La compañía de húngaros constaba del director,
su mujer y generalmente una niña equilibrista sobre una silla.
Algunas cabriolas sobre una alfombra eran los números más
destacados de los payos titiriteros, y generalmente no había
números cómicos.
Desde aquella prehistoria a los tiempos recientes, el teatro de
calle ha conquistado un status de respetabilidad que lo pone ha
cubierto, en parte, de la intemperie que era su lugar en la marginación
de las ciudades. Hoy sus compañías forman parte destacada
en los programas de las fiestas. Pero en realidad, ¿ha pasado
algo importante en esta modalidad de teatro? ¿Significa hoy
algo más que la mera diversión inocente que significaba
cuando se oía en nuestro barrio: Que vienen los húngaros?

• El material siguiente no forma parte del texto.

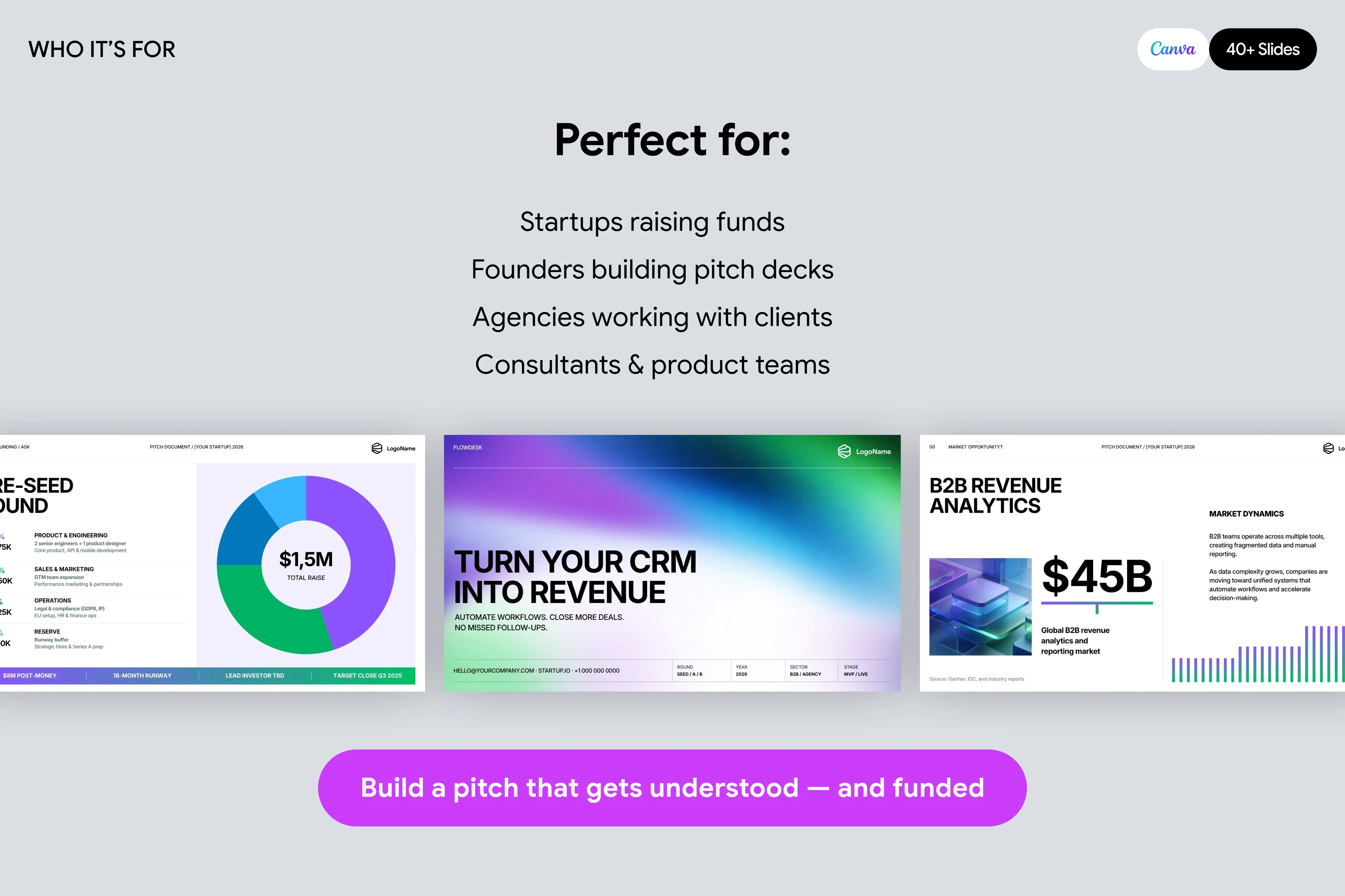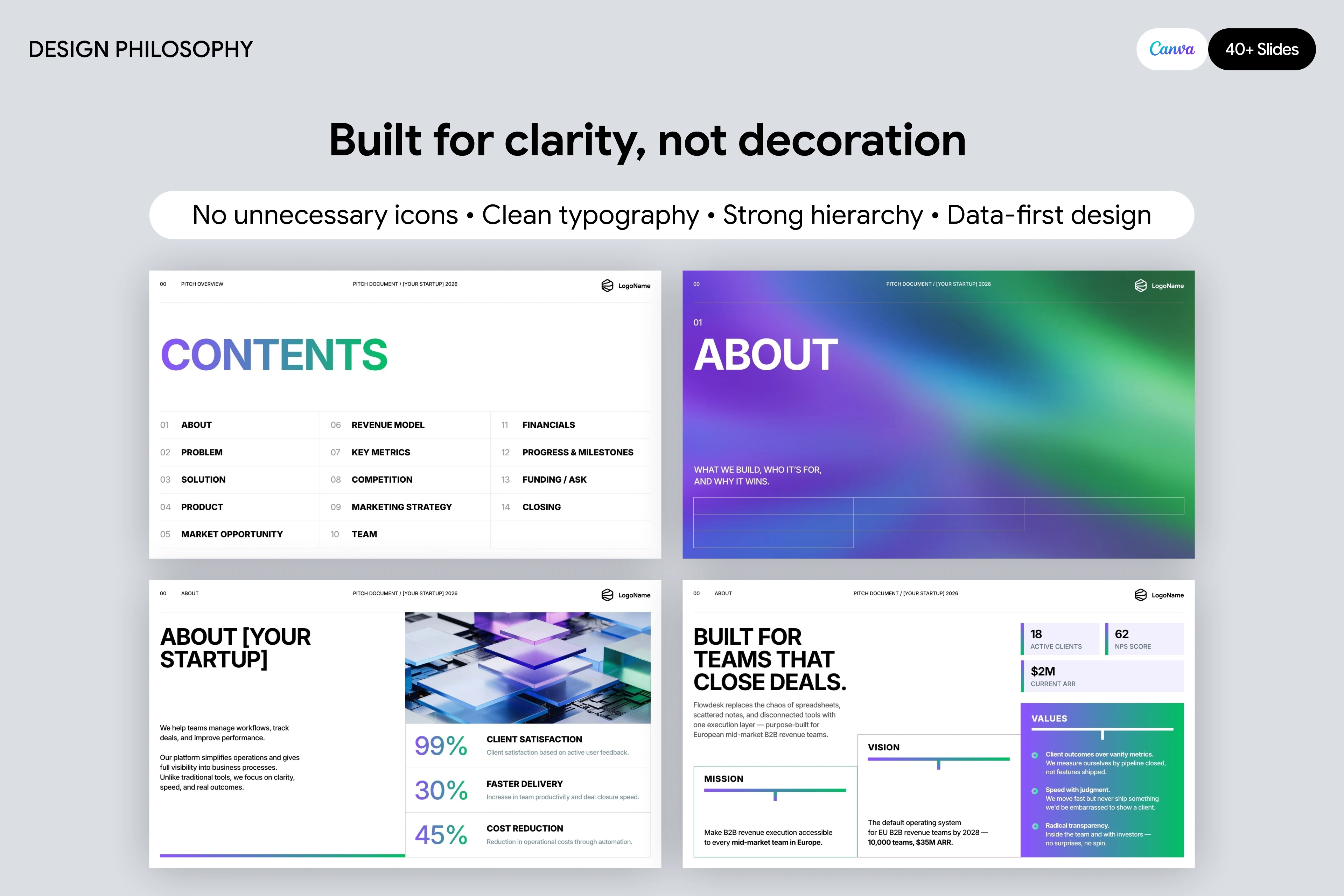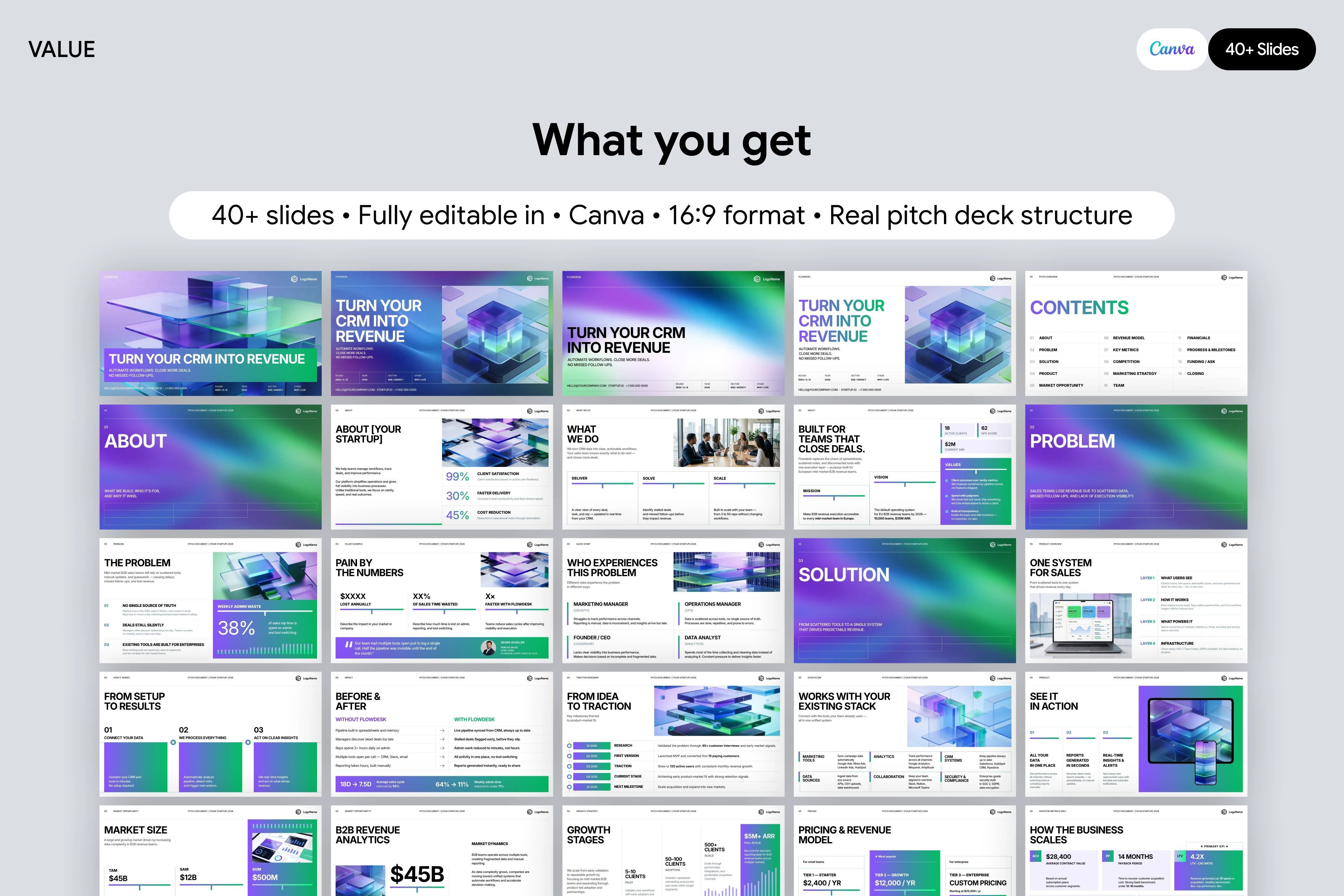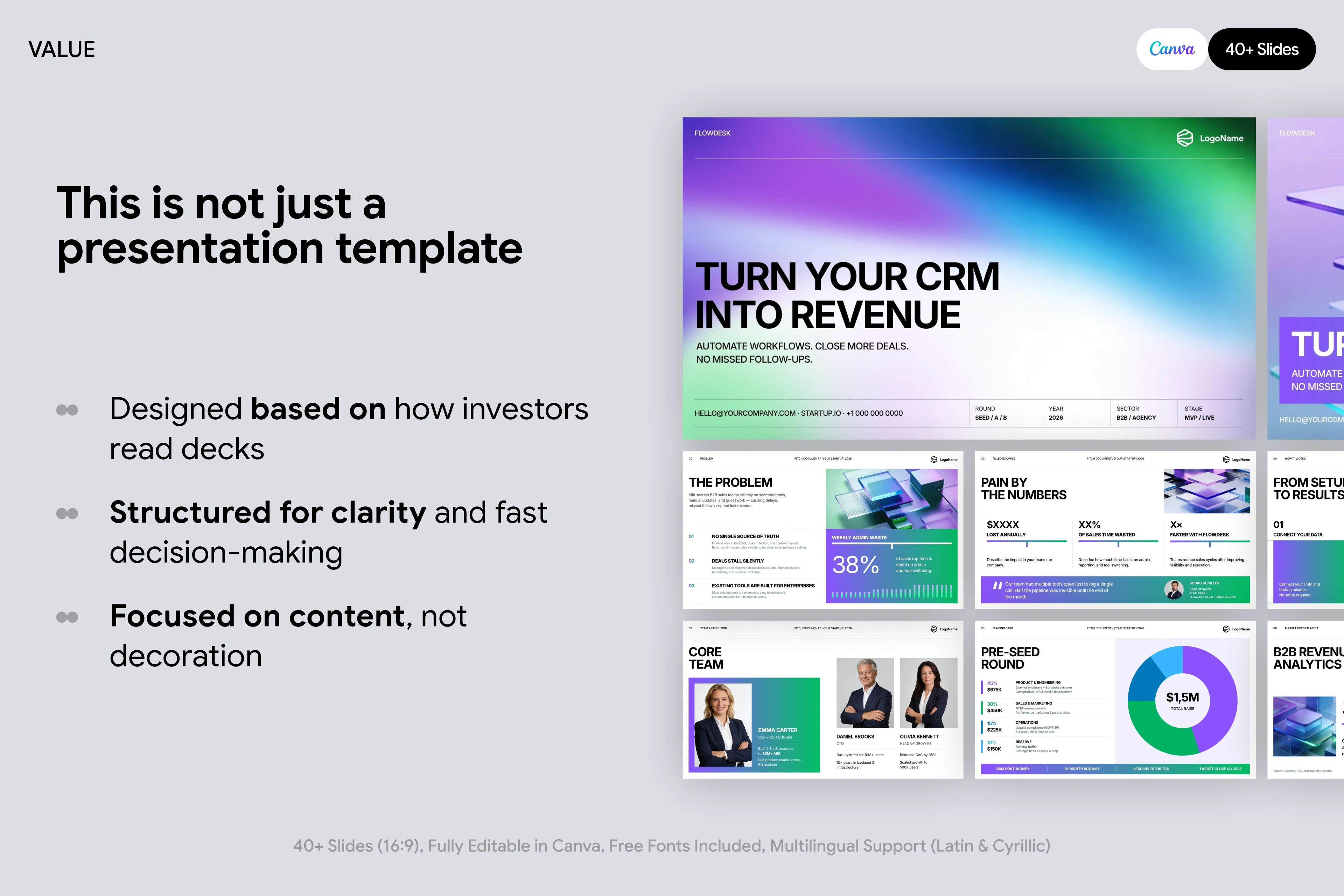 Investor-ready pitch deck template designed to present ideas clearly, communicate value, and help startups attract funding.
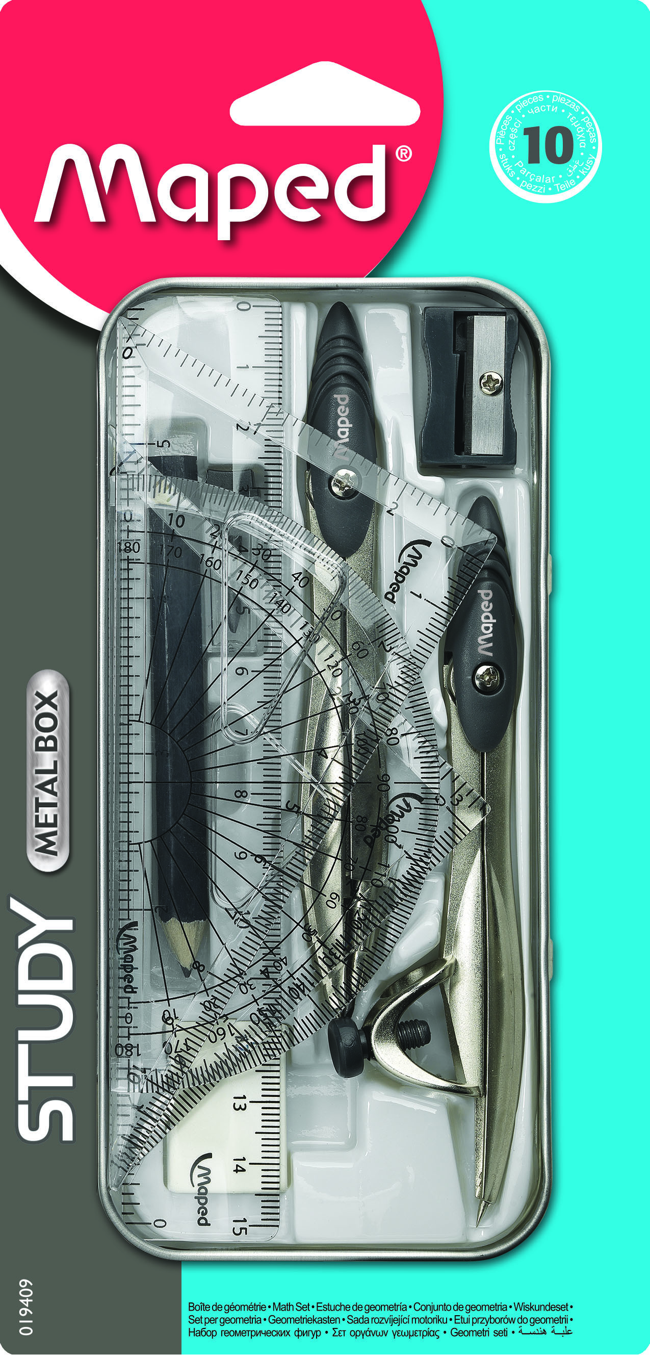 Zestaw geometryczny STUDY 10 - elementowy w metalowym pudełku zawierający: cyrkiel STUDY na grafity, cyrkiel STUDY z uniwersalnym uchwytem, linijkę, 2 ekierki, kątomierz, gumkę, ołówek, grafity i temperówkę. Blister.

Creo que sí, pero también conforme al título
de esta serie creo que no. Zancos y payasos hay en lugar de
aquel oso de los gitanos y aquellas cabriolas de los titiriteros.
¿Pero también algo más? Sí, también
algo más y hasta mucho más en los mejores
ejemplos de teatro de call de nuestro tiempo, sobre todo en el orden
político, desde aquel grupo Bread and Puppet que luchó
con las armas del teatro de calle contra la guerra de Vietnam, hasta
las actuales ficciones de bombardeos, en los que los manifestantes
hacen los papeles de muertos desparramados por las calles.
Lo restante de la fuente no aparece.